The rule has the potential to restrict the legal immigration of hundreds of thousands nationally per year, according to an analysis by the nonpartisan Migration Policy Institute. In addition, Elliot Goldbaum, director of strategic communications at the Colorado Fiscal Institute, said the rule will cause a “chilling effect” — a secondary impact affecting millions more, including 323,000 Coloradans, who may drop health insurance or public benefits for which they are eligible because they fear of losing immigration status. 

Goldbaum said the fact that immigrants with higher income will have a leg up in the application process, turns immigration into a wealth determination process.

The finalized rule, issued in August by DHS, was blocked by four federal judges. But Monday, in a 5-4 decision, the Supreme Court honored a request by the Trump administration to allow the rule to take effect while lower courts go through the appeals process. 

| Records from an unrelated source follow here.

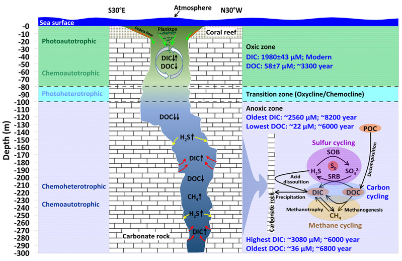 蓝洞是碳酸盐岩台地中完全被海水淹没的大型海洋洞穴。近岸碳酸盐岩体在海平面低位时出露海面受到溶蚀形成溶洞(喀斯特竖井),全新世高海面时,溶洞充水则形成蓝洞。由于与外界仅通过潮汐交换海水,蓝洞内往往具有较大的生物地球化学梯度,跃层明显,微生物群落与普通海洋环境迥异。在过去的几十年里,针对蓝洞环境的物理、化学和生物特征已经开展了较为丰富的研究,但对于蓝洞内碳循环过程了解却很有限。对于蓝洞内碳的来源、分布、年龄(活性)和迁移转化过程以及蓝洞地形和地球化学特征等对碳循环的影响仍然知之甚少。
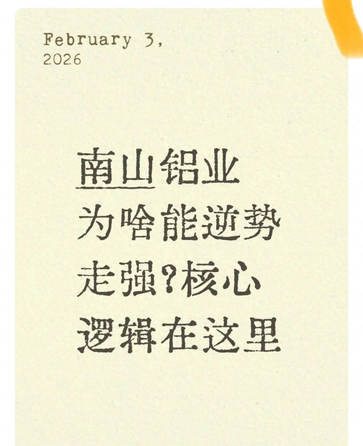 如果觉得这篇文章帮你理清了南山铝业逆势走强的核心逻辑和铝行业的转型趋势,别忘了点赞收藏,转发给身边关注铝业股、有色金属板块的朋友。关注我,后续会持续用大白话分享有色金属、新能源等热门赛道的行业分析和核心逻辑,带你看懂市场背后的门道,避开盲目投资的坑。
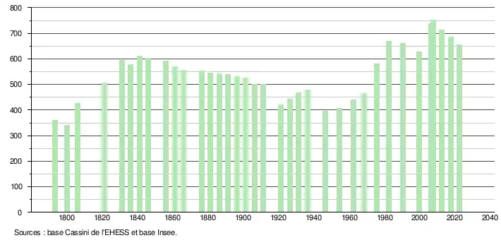 L'évolution du nombre d'habitants est connue à travers les recensements de la population effectués dans la commune depuis 1793. Pour les communes de moins de 10 000 habitants, une enquête de recensement portant sur toute la population est réalisée tous les cinq ans, les populations de référence des années intermédiaires étant quant à elles estimées par interpolation ou extrapolation[32]. Pour la commune, le premier recensement exhaustif entrant dans le cadre du nouveau dispositif a été réalisé en 2007[33].
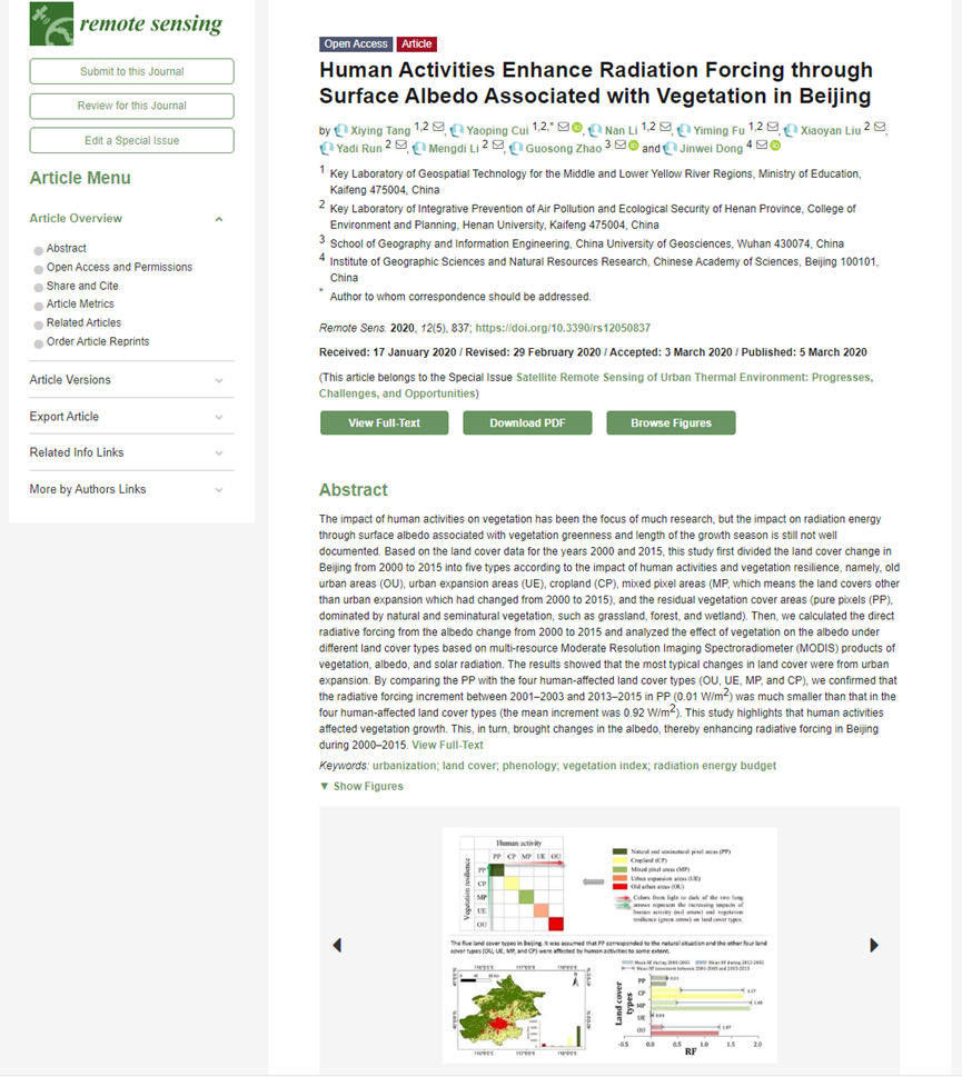 近日,我院2016级地理信息科学专业本科生唐希颖同学,在崔耀平教授的指导下,以第一作者在《Remote Sensing》发表了题目为:Human Activities Enhance Radiation Forcing through Surface Albedo Associated with Vegetation in Beijing的研究论文。
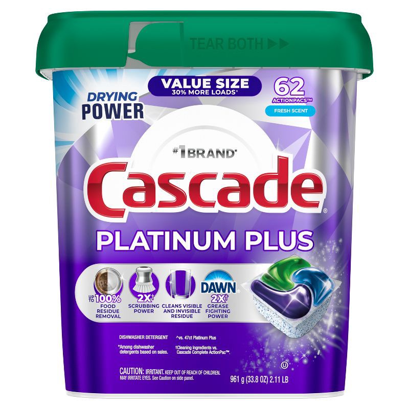 New and Improved Cascade Platinum Plus ActionPacs dishwasher detergent gives your dishes a breakthrough clean with up to 100% food residue removal. Loaded with 2X* the Dawn grease fighting power, and …

Goldbaum, responding to the administration’s self-sufficiency argument, said the U.S. was built as a place where people can come and make a life for themselves. Immigrants don’t rely on public programs more than citizens, he said. Citizens and noncitizens use public benefits at the nearly equivalent rate of 20% of the population, according to a U.S. Census Bureau’s 2013 Survey of Income and Program Participation.

“When we’re talking about the intent of what this country is built on… it’s never been based on wealth, and this rule really does make it that only the wealthy can come and be a part of this country” Goldbaum said. 

In its rulemaking the Department of Homeland Security stated that it “disagrees that the rule puts lawful permanent resident status beyond the reach of working-class and poor immigrant families.”

The Chilling Effect:

DHS, in the final rule, states that the rule is not meant to cause qualified immigrants to disenroll from benefits programs. But, fear that temporary or permanent legal status might be jeopardized could lead immigrants who qualify for public assistance programs to disenroll preemptively, Flora said. 

“The Trump administration has signaled that it intends to penalize immigrant communities for seeking help when they need it,” Flora said.

The Colorado Fiscal Institute estimates that chilling effect could impact 323,000 Coloradans, including more than 140,000 children. Immigrant family members could lose a source of family income, benefits or immigration status. Because of mass disenrollment from benefits programs, the institute also predicts up to a $298 million loss to Colorado’s GDP, with a related loss of 2,028 jobs and $12 million in lost state tax revenue.

In the original proposal, DHS acknowledged the chilling effect, citing a study by the U.S. Department of Agriculture on the Personal Responsibility and Work Opportunity Reconciliation Act of 1996, after the passage of which enrollment in food stamps fell 54% among legal immigrants. But, DHS estimates a much lower number — 2.5% — of immigrants will disenroll from benefits because of the public charge rule.

Emily Johnson, director of policy analysis at the Colorado Health Institute, said CHI estimates 75,000 Coloradans — three-quarters of them U.S. citizens — will lose health insurance coverage as a consequence of confusion about the rule and the chilling effect. Immigrants worried of losing theirs or a family member’s immigration status could disenroll their citizen children or family members from coverage, unaware the rule doesn’t apply to them. Two-thirds of those losing coverage will be children. Also, she said, adding to the chilling effect, medical providers in immigrant communities report a reduction in people using medical services due to rhetoric around immigration, including from policies like the public charge rule. 

People who disenroll their kids might actually be aware that the rule doesn’t apply to them, Joe Hanel, director of communications at CHI, wrote in an email to The Colorado Independent.

“They just might not trust the government when it says the rule doesn’t apply. The chilling effect probably leads people to avoid official interactions with the government whenever possible,” Hanel wrote.

 

Update: This story has been updated with comment from Joe Hanel.